I had gone to this class for three weeks and spent hours doing the required homework. Part of me wanted to continue the class because I had put in so much time and effort. I also didn’t want my degree to get set back because of dropping this class, so that weighed on me. However, the thing that bothered me the most was the fact we all had paid good money to attend this class and what we were receiving was bullying and abuse. I was upset that no matter what my decision was, others would still be there enduring her bully ways.
One good thing about this experience is that I was able to identify it immediately. I also discussed it with other students who thought they were the only ones who saw it. This kind of discussion was good: we validated each other. When I was in my abusive church, the no-gossip rule was so strongly enforced that we were left to questioning ourselves and sometimes dismissed real abuse because “it can’t really be this bad, can it?”
In the end, I decided that the best thing I could do for the school is to vote with my feet (withdraw from the class) write a formal complaint, and say that this woman does not represent the institution that I have come to greatly respect. I will tell them that no student should have to pay to be bullied and belittled in a college environment; and I hope they will take measures to ensure that the school remains one of integrity, high academic excellence, and respect for their students.
We’ll see what happens. In the meantime, I now realize how triggering this experience has been for me. It brought me right back to that church environment, the feelings of knowing we were being mistreated, and having few options to deal with it. Whether I liked it or not, I was put in a position of making a choice that would be either emotionally or financially costly. The church experience was costly as well, in many ways.

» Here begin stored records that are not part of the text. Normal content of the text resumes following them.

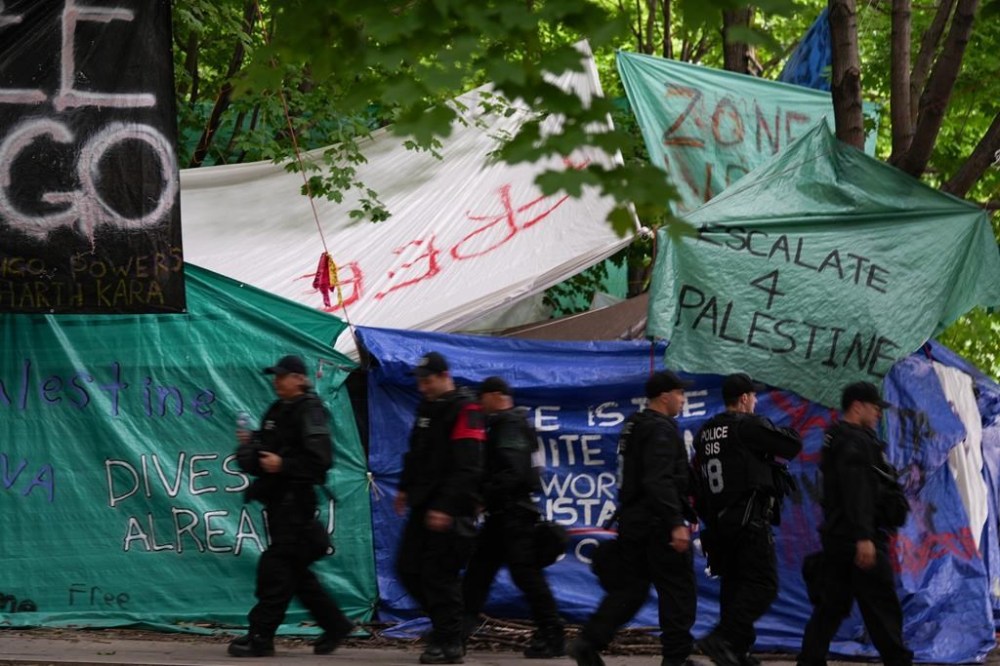 City police say protesters gathered at around 8 p.m. at Place Jean-Riopelle and marched roughly one kilometre north toward McGill University’s downtown campus where a separate encampment has been in place since late April. Campus protesters have been demanding the university cut ties with Israel as its war with Hamas continues to rage.
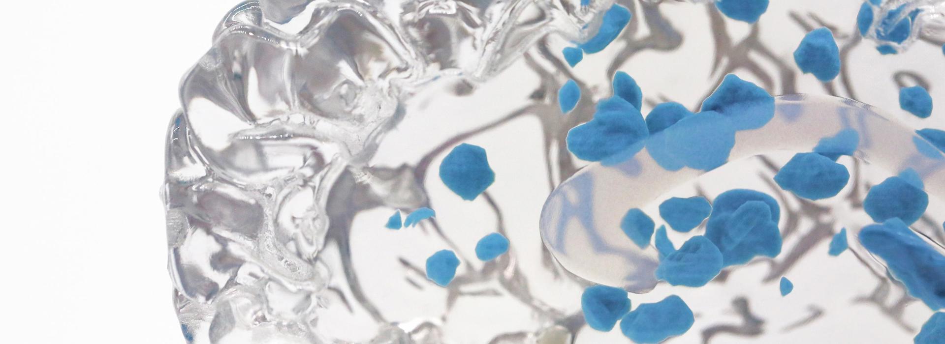 3D printed brain created from PolyJet materials showing lesions from MS (in blue)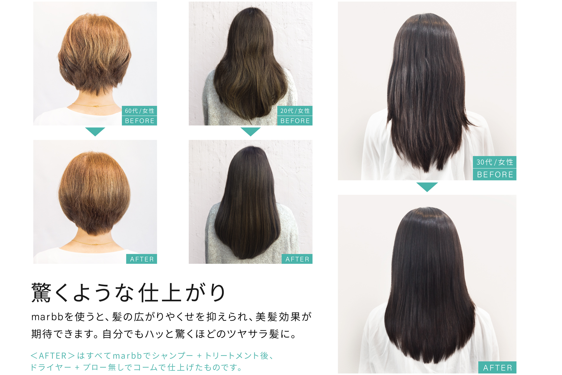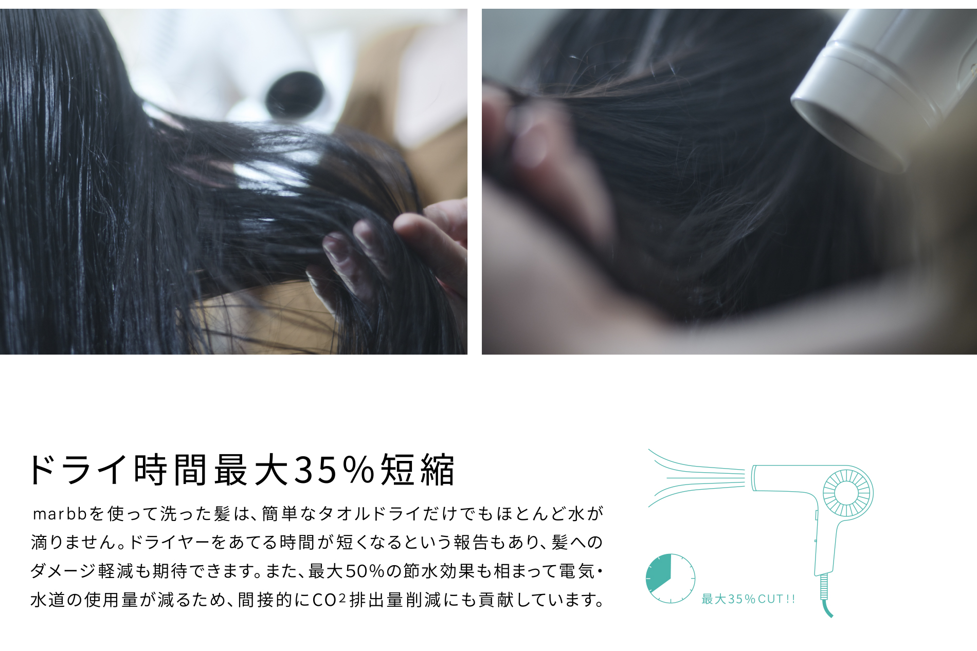 marbbを使って洗った髪は、簡単なタオルドライだけでもほとんど水が滴りません。ドライ時間が最大35%短縮となる報告もあり、作業時短によって接客などに時間を活用することが可能になります。 また、ドライヤーをあてる時間が減らせる分、髪へのダメージ軽減も期待できます。 グラフは、水道水とmarbb製ナノバブル水に髪を浸したときに、どのくらい髪が膨らんだか(膨潤率)を表しています。marbbは水道水と比較して膨潤率が約17%低いことがわかります(自社調べ)。 髪への水分の吸収が抑えられる分、乾燥時間を短くできるのです。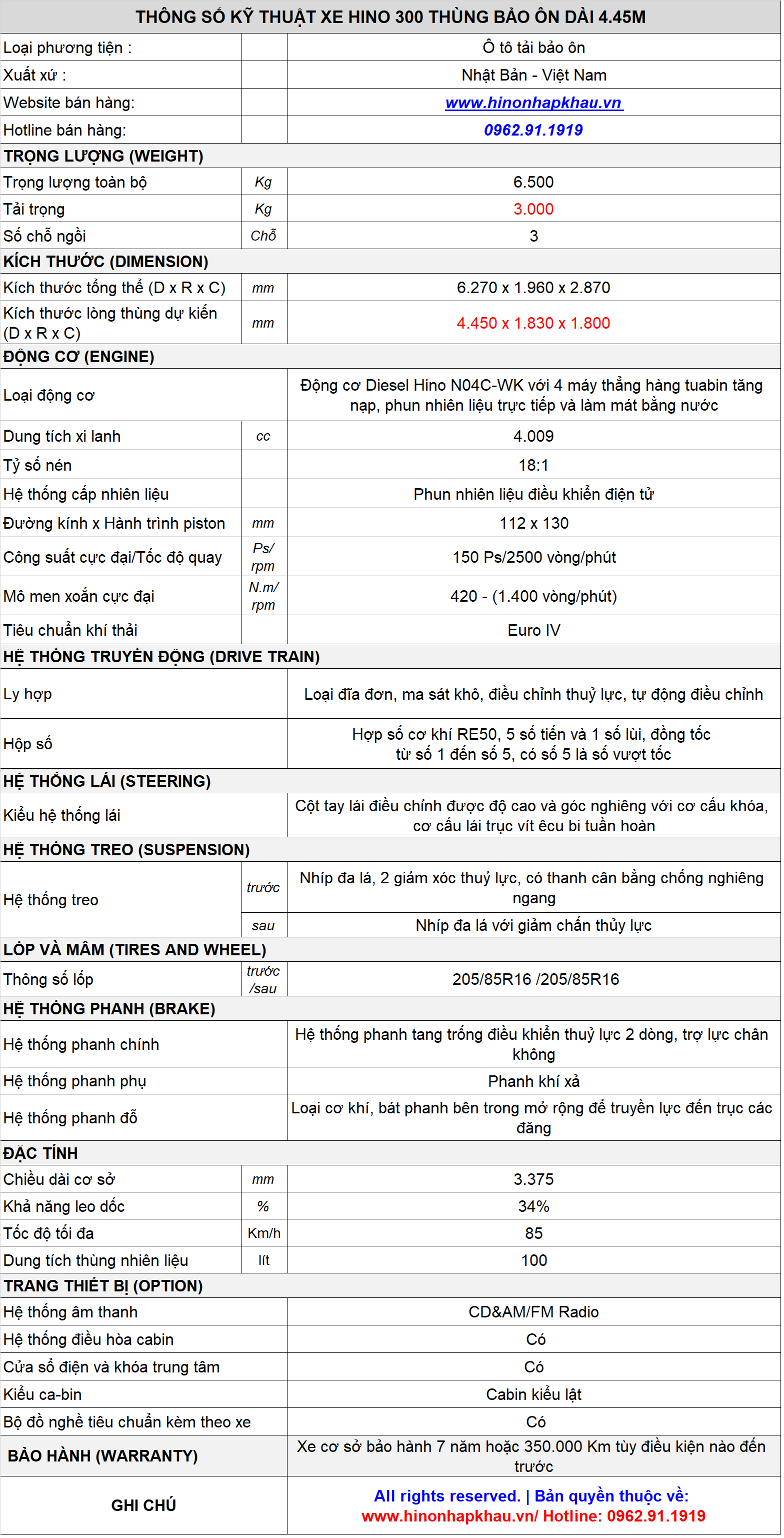* THÔNG SỐ, ĐẶC TÍNH KỸ THUẬT XE TẢI BẢO ÔN 3 TẤN HINO XZU650L-WBMRP3:

Well, I’ve done all that I can do at this point. I need to wipe my hands and move on, but whew, I tell you, that really messed with my head for a bit. I will be sure to leave a RateMyProfessor.com review. I hope she’s not the suing type 😉
If you’ve experienced spiritual abuse, have you also dealt with other situations outside of church that take you back to that bad experience? Having experienced spiritual abuse, were you better able to handle it? Was it as painful or did you feel you had more options this time? I’d love to read your experiences.